**What to work on**
Repeat every record word for word and omit the images.

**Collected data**
========
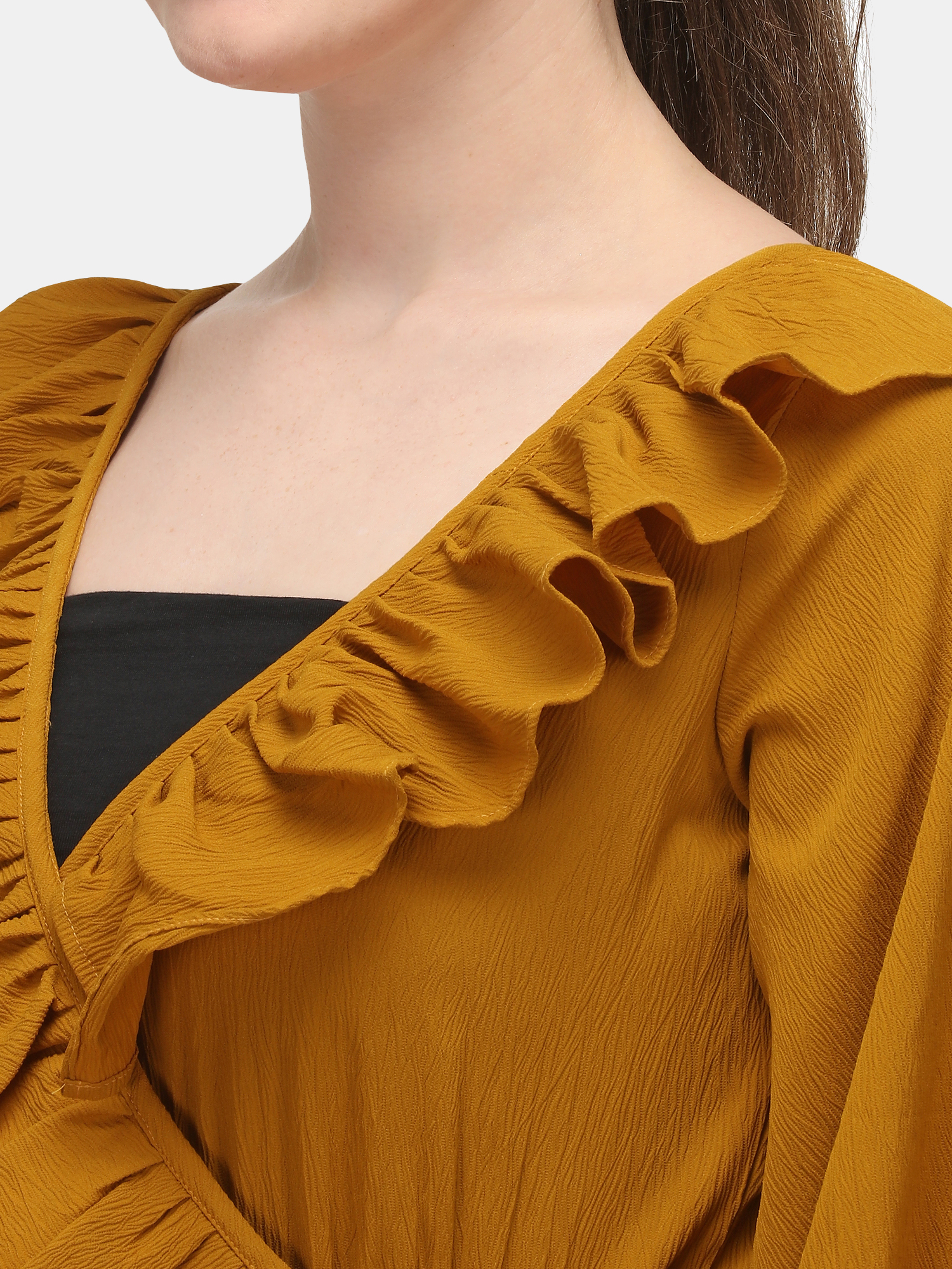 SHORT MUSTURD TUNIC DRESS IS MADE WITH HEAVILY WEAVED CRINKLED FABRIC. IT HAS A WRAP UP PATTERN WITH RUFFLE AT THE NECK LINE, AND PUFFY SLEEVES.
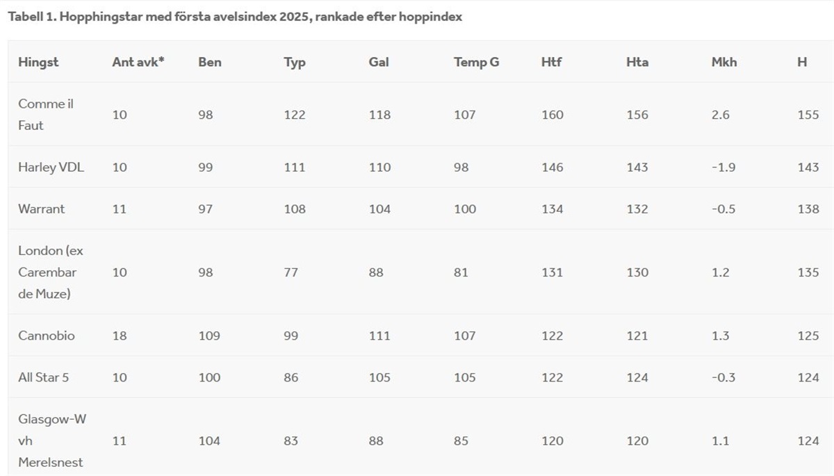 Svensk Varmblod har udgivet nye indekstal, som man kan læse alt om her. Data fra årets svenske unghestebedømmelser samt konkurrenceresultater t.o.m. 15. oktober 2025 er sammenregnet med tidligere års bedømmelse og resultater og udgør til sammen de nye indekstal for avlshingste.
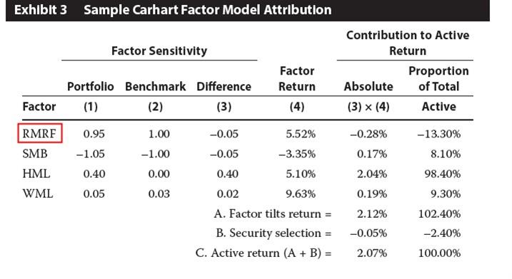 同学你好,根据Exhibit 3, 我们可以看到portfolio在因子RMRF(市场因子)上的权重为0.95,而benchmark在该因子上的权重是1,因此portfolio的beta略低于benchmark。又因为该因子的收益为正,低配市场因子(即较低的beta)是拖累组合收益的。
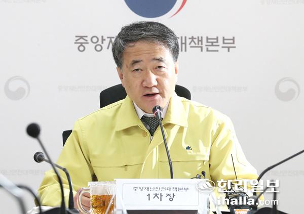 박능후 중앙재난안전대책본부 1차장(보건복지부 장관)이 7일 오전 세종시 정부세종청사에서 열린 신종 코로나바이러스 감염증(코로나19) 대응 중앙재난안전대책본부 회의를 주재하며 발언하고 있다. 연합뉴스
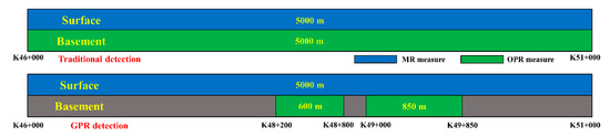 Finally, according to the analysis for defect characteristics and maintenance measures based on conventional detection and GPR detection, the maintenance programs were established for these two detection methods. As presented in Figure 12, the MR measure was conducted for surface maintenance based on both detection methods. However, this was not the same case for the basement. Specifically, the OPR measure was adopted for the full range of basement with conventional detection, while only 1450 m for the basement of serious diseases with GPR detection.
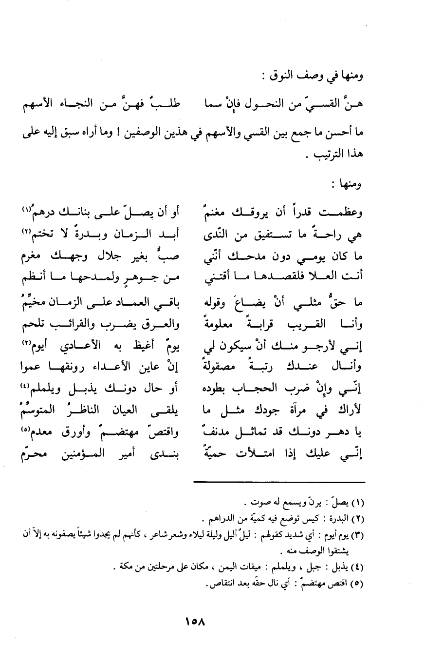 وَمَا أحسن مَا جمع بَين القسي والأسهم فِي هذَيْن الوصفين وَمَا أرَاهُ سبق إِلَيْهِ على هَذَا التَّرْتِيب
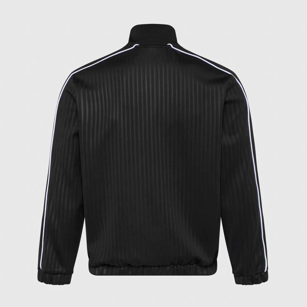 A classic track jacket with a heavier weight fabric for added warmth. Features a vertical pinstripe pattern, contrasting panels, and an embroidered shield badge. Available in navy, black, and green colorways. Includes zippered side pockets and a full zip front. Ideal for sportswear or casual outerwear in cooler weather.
========
**Task output**
 SHORT MUSTURD TUNIC DRESS IS MADE WITH HEAVILY WEAVED CRINKLED FABRIC. IT HAS A WRAP UP PATTERN WITH RUFFLE AT THE NECK LINE, AND PUFFY SLEEVES.
 Svensk Varmblod har udgivet nye indekstal, som man kan læse alt om her. Data fra årets svenske unghestebedømmelser samt konkurrenceresultater t.o.m. 15. oktober 2025 er sammenregnet med tidligere års bedømmelse og resultater og udgør til sammen de nye indekstal for avlshingste.
 同学你好,根据Exhibit 3, 我们可以看到portfolio在因子RMRF(市场因子)上的权重为0.95,而benchmark在该因子上的权重是1,因此portfolio的beta略低于benchmark。又因为该因子的收益为正,低配市场因子(即较低的beta)是拖累组合收益的。
 박능후 중앙재난안전대책본부 1차장(보건복지부 장관)이 7일 오전 세종시 정부세종청사에서 열린 신종 코로나바이러스 감염증(코로나19) 대응 중앙재난안전대책본부 회의를 주재하며 발언하고 있다. 연합뉴스
 Finally, according to the analysis for defect characteristics and maintenance measures based on conventional detection and GPR detection, the maintenance programs were established for these two detection methods. As presented in Figure 12, the MR measure was conducted for surface maintenance based on both detection methods. However, this was not the same case for the basement. Specifically, the OPR measure was adopted for the full range of basement with conventional detection, while only 1450 m for the basement of serious diseases with GPR detection.
 وَمَا أحسن مَا جمع بَين القسي والأسهم فِي هذَيْن الوصفين وَمَا أرَاهُ سبق إِلَيْهِ على هَذَا التَّرْتِيب
 A classic track jacket with a heavier weight fabric for added warmth. Features a vertical pinstripe pattern, contrasting panels, and an embroidered shield badge. Available in navy, black, and green colorways. Includes zippered side pockets and a full zip front. Ideal for sportswear or casual outerwear in cooler weather.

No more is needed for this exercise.